## Saved data entries:
>>>
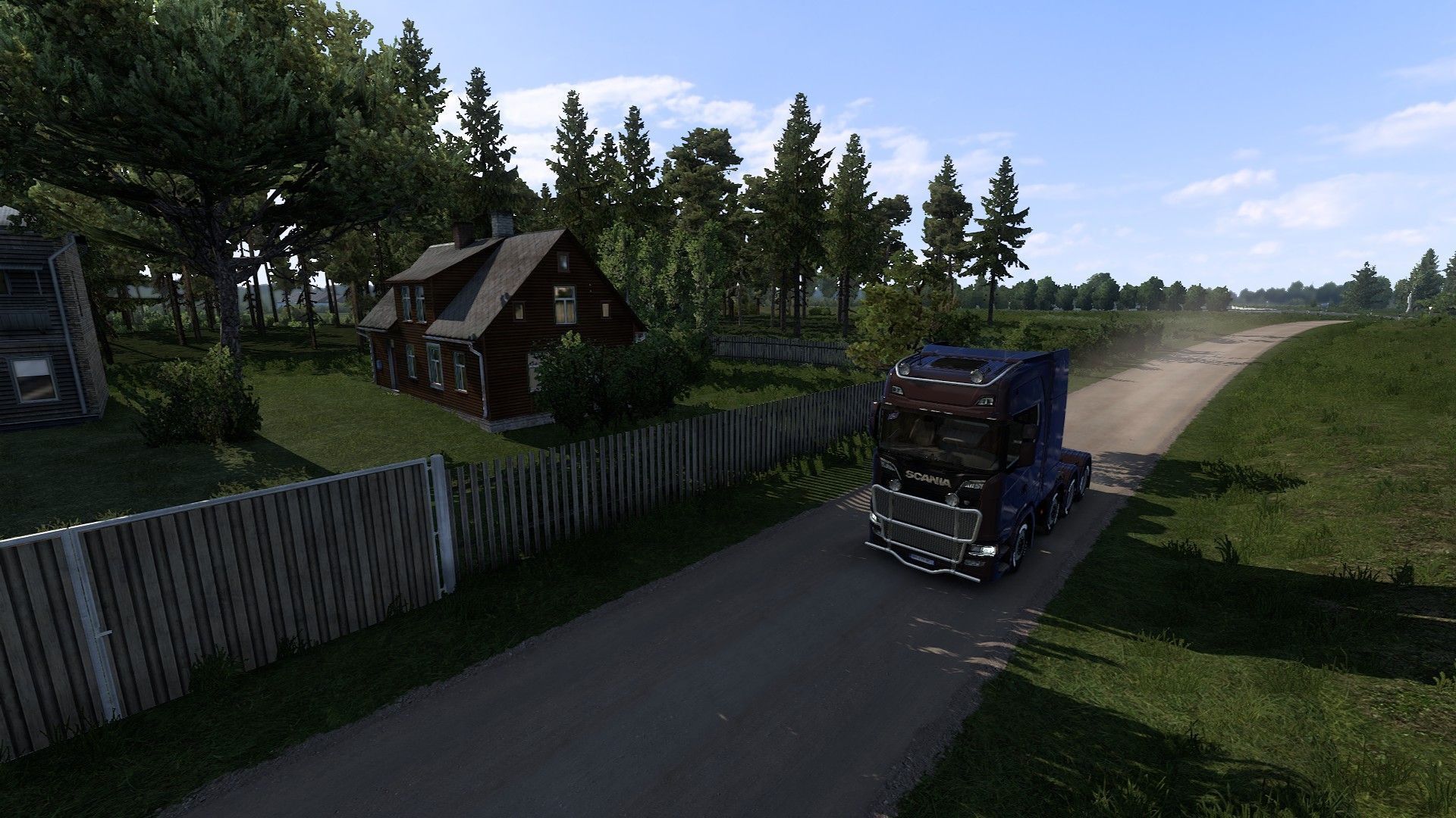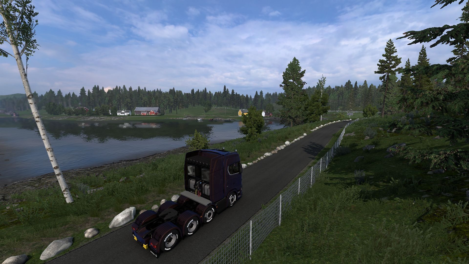 The Scandinavia expansion also features idyllic views. For example, thanks to a hidden road between the center of Kristiansand and the AgroNord company (you can find it on the map at coordinates -7031.43;32.3306;-42978.1;0.483427;-0.172786), you can drive by a small lake surrounded by charming houses done in a typical Nordic style. The road is quite long and it branches out, but the second section runs parallel to the main route and doesn't offer additional attractions.
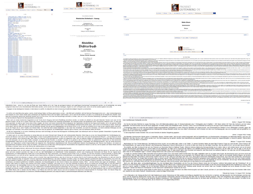 Freilich, dafür muß auf „Projekt Gutenberg-DE“ tief gegraben werden, und das erstaunt nicht, über Jahrzehnte war es opportun, alles, was von einer Person nicht öffentlich gemacht werden sollte, gemeint wurde, es öffentlich nicht zu sagen,, so tief zu vergraben, daß es, so die sonderliche Hoffnung in einer seltsamen Diensteifrigkeit für derartige Personen, auf ewig unauffindbar bleibe, und es ist bis heute herauf so geblieben, bis heute herauf wird das, was von einer Person öffentlich verschwiegen bleiben soll, auch, damit es unterirdisch weiter wirke, tief vergraben, eine leichte Zugänglichkeit verwehrt.
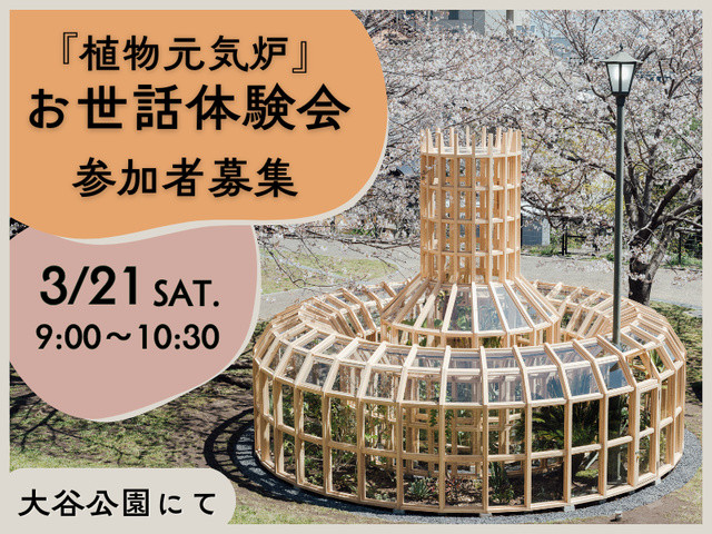2024年にアーティスト栗林 隆が制作した植物園型アート作品「植物元気炉」の植物のお世話を体験できるイベントを開催。「植物元気炉」のお世話をサポートする「にわばんさん」も同時に募集。予約不要。手ぶらでOK。参加者にはプレゼントを贈呈。詳細はwebサイトを参照。
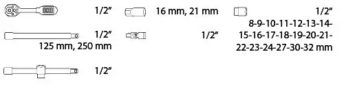 Ključ nasadni prihvat 1/2" 190/1 6p 5/16" Uniormaterijal: premium flex hrom-molibden čelikkovan, u potpunosti poboljšan i ojačanhromi ...
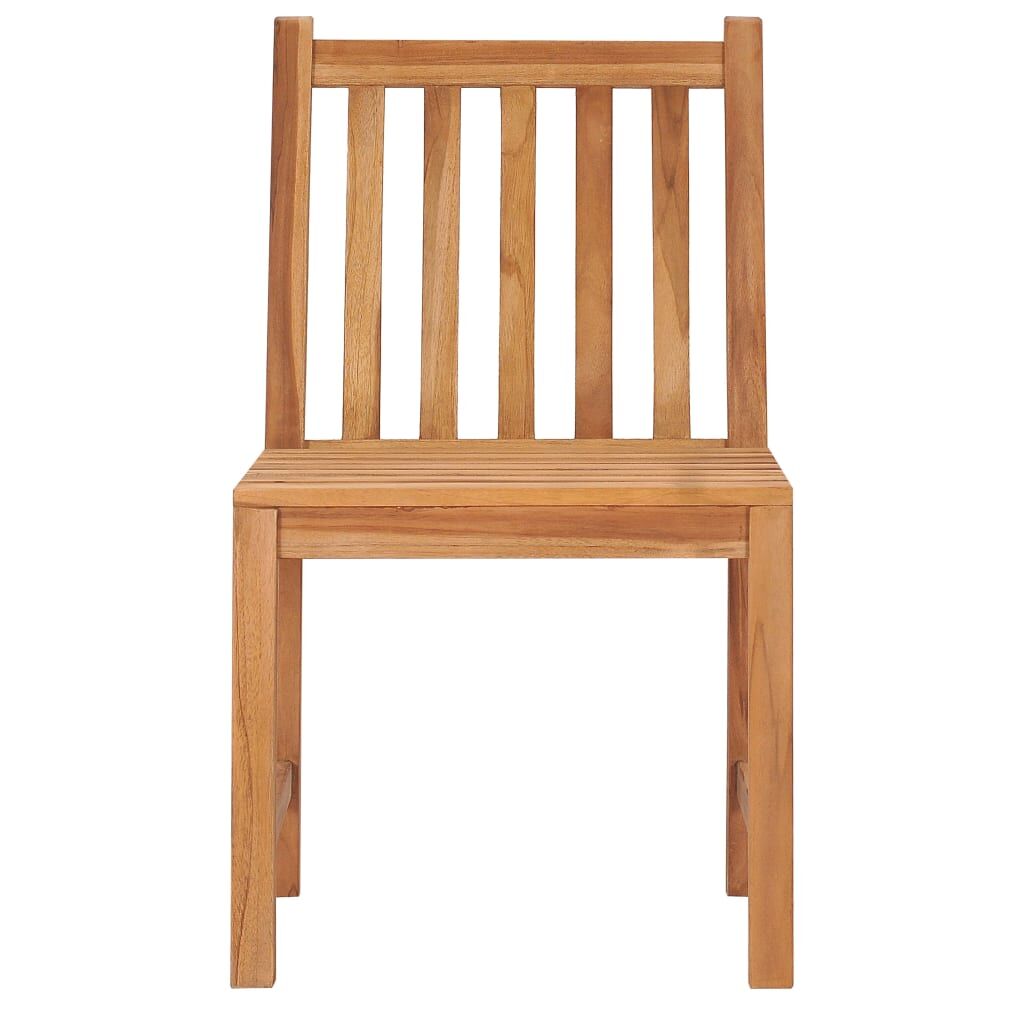 This wooden garden dining set adds a touch of natural charm to your kitchen, garden, or patio. Constructed from extremely durable teak hardwood, this piece of teak furniture has been seasoned, kiln-dried, and then fine sanded to give a very smooth appearance. Teak wood is known for its exceptional strength and weather resistance, making it far more suitable for garden furniture than any other kind of wood. Teak wood is the perfect choice if you want to purchase a long-lasting piece of garden furniture. A beautiful water-based finish is applied to give the wood a warm colour. Thanks to the extra thick tabletop and big legs, this solid wood table is very durable and can comfortably accommodate your guests. The chairs feature a refined look that can instantly blend into any living space. With its water-resistant feature and classic look, you can place this furniture set anywhere around your sweet home – indoors or outside!
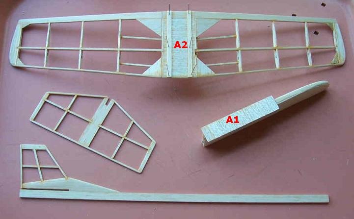 The Jr. Cloudbuster is quickly coming together. Wing platform A1 and spacing strips A2 are glued in place.
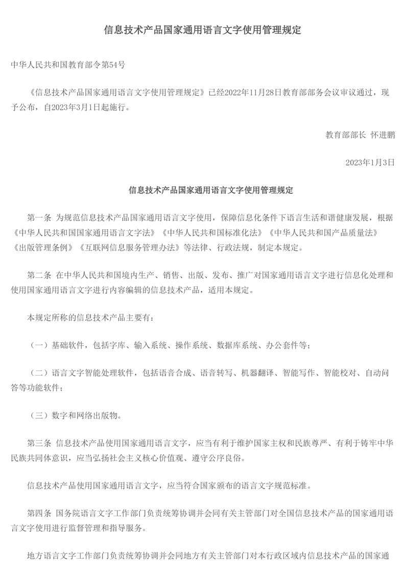 信息技术产品国家通用语言文字使用管理规定
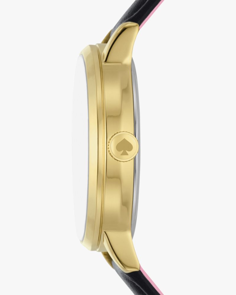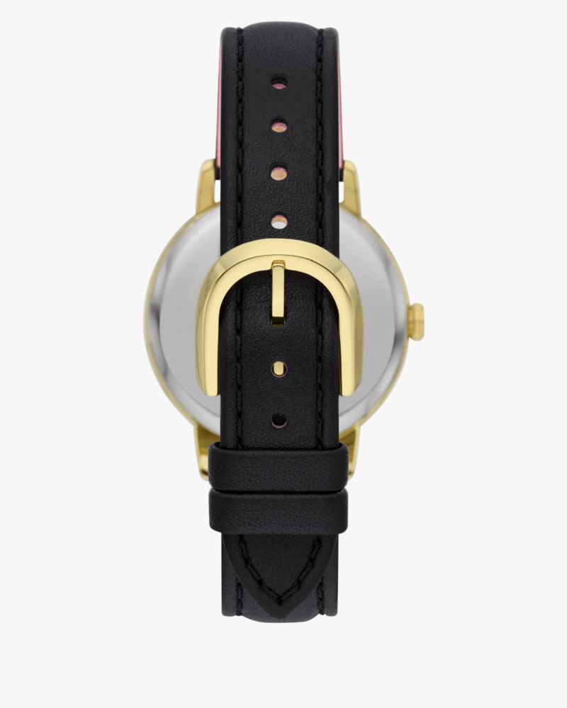 ゴールドトーンメタルケースとブラックレザーストラップ
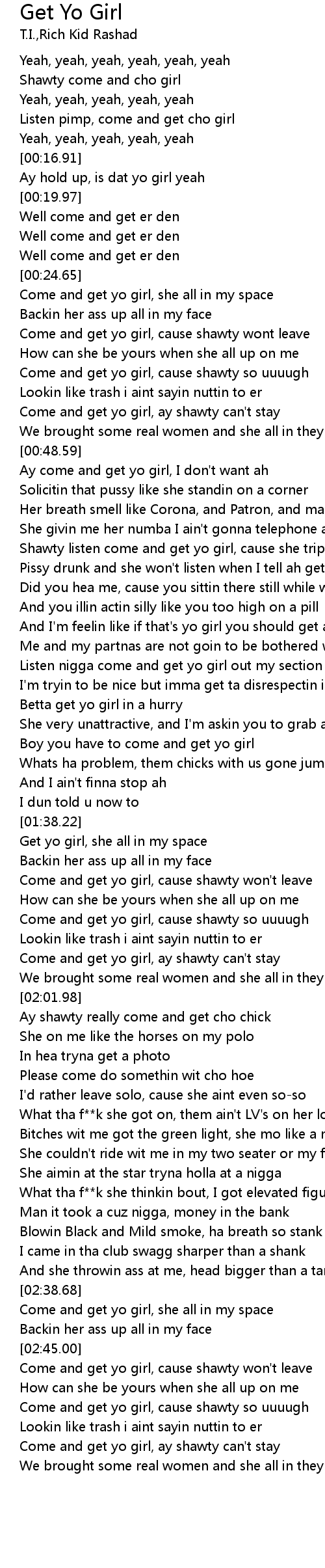 Shawty come and cho girl |
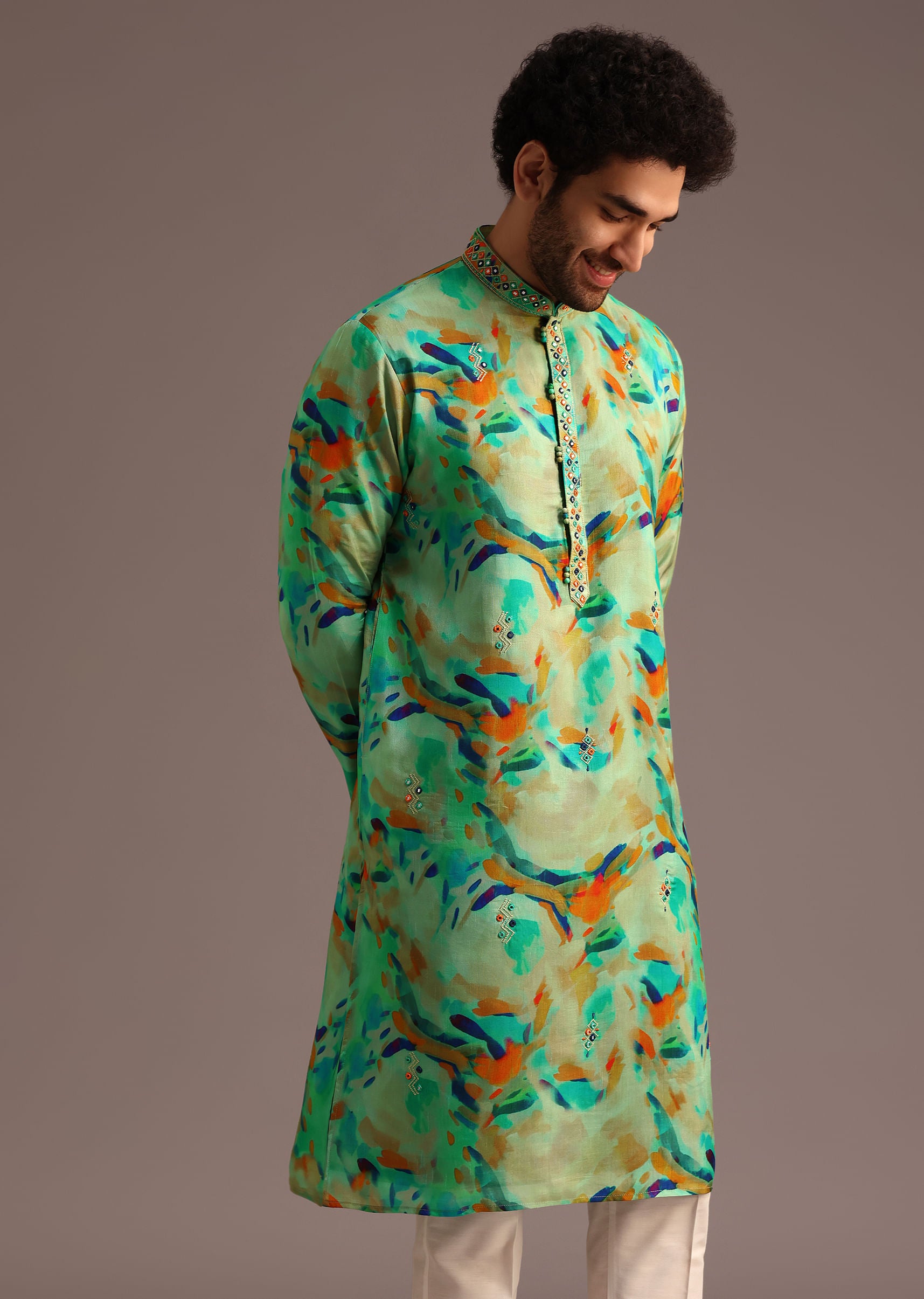 Multi Colour Silk Kurta And Pant With Abstract Print
<<<
All of the records above are to be copied exactly, minus the pictures.

 The Scandinavia expansion also features idyllic views. For example, thanks to a hidden road between the center of Kristiansand and the AgroNord company (you can find it on the map at coordinates -7031.43;32.3306;-42978.1;0.483427;-0.172786), you can drive by a small lake surrounded by charming houses done in a typical Nordic style. The road is quite long and it branches out, but the second section runs parallel to the main route and doesn't offer additional attractions.
 Freilich, dafür muß auf „Projekt Gutenberg-DE“ tief gegraben werden, und das erstaunt nicht, über Jahrzehnte war es opportun, alles, was von einer Person nicht öffentlich gemacht werden sollte, gemeint wurde, es öffentlich nicht zu sagen,, so tief zu vergraben, daß es, so die sonderliche Hoffnung in einer seltsamen Diensteifrigkeit für derartige Personen, auf ewig unauffindbar bleibe, und es ist bis heute herauf so geblieben, bis heute herauf wird das, was von einer Person öffentlich verschwiegen bleiben soll, auch, damit es unterirdisch weiter wirke, tief vergraben, eine leichte Zugänglichkeit verwehrt.
2024年にアーティスト栗林 隆が制作した植物園型アート作品「植物元気炉」の植物のお世話を体験できるイベントを開催。「植物元気炉」のお世話をサポートする「にわばんさん」も同時に募集。予約不要。手ぶらでOK。参加者にはプレゼントを贈呈。詳細はwebサイトを参照。
 Ključ nasadni prihvat 1/2" 190/1 6p 5/16" Uniormaterijal: premium flex hrom-molibden čelikkovan, u potpunosti poboljšan i ojačanhromi ...
 This wooden garden dining set adds a touch of natural charm to your kitchen, garden, or patio. Constructed from extremely durable teak hardwood, this piece of teak furniture has been seasoned, kiln-dried, and then fine sanded to give a very smooth appearance. Teak wood is known for its exceptional strength and weather resistance, making it far more suitable for garden furniture than any other kind of wood. Teak wood is the perfect choice if you want to purchase a long-lasting piece of garden furniture. A beautiful water-based finish is applied to give the wood a warm colour. Thanks to the extra thick tabletop and big legs, this solid wood table is very durable and can comfortably accommodate your guests. The chairs feature a refined look that can instantly blend into any living space. With its water-resistant feature and classic look, you can place this furniture set anywhere around your sweet home – indoors or outside!
 The Jr. Cloudbuster is quickly coming together. Wing platform A1 and spacing strips A2 are glued in place.
 信息技术产品国家通用语言文字使用管理规定
 ゴールドトーンメタルケースとブラックレザーストラップ
 Shawty come and cho girl |
 Multi Colour Silk Kurta And Pant With Abstract Print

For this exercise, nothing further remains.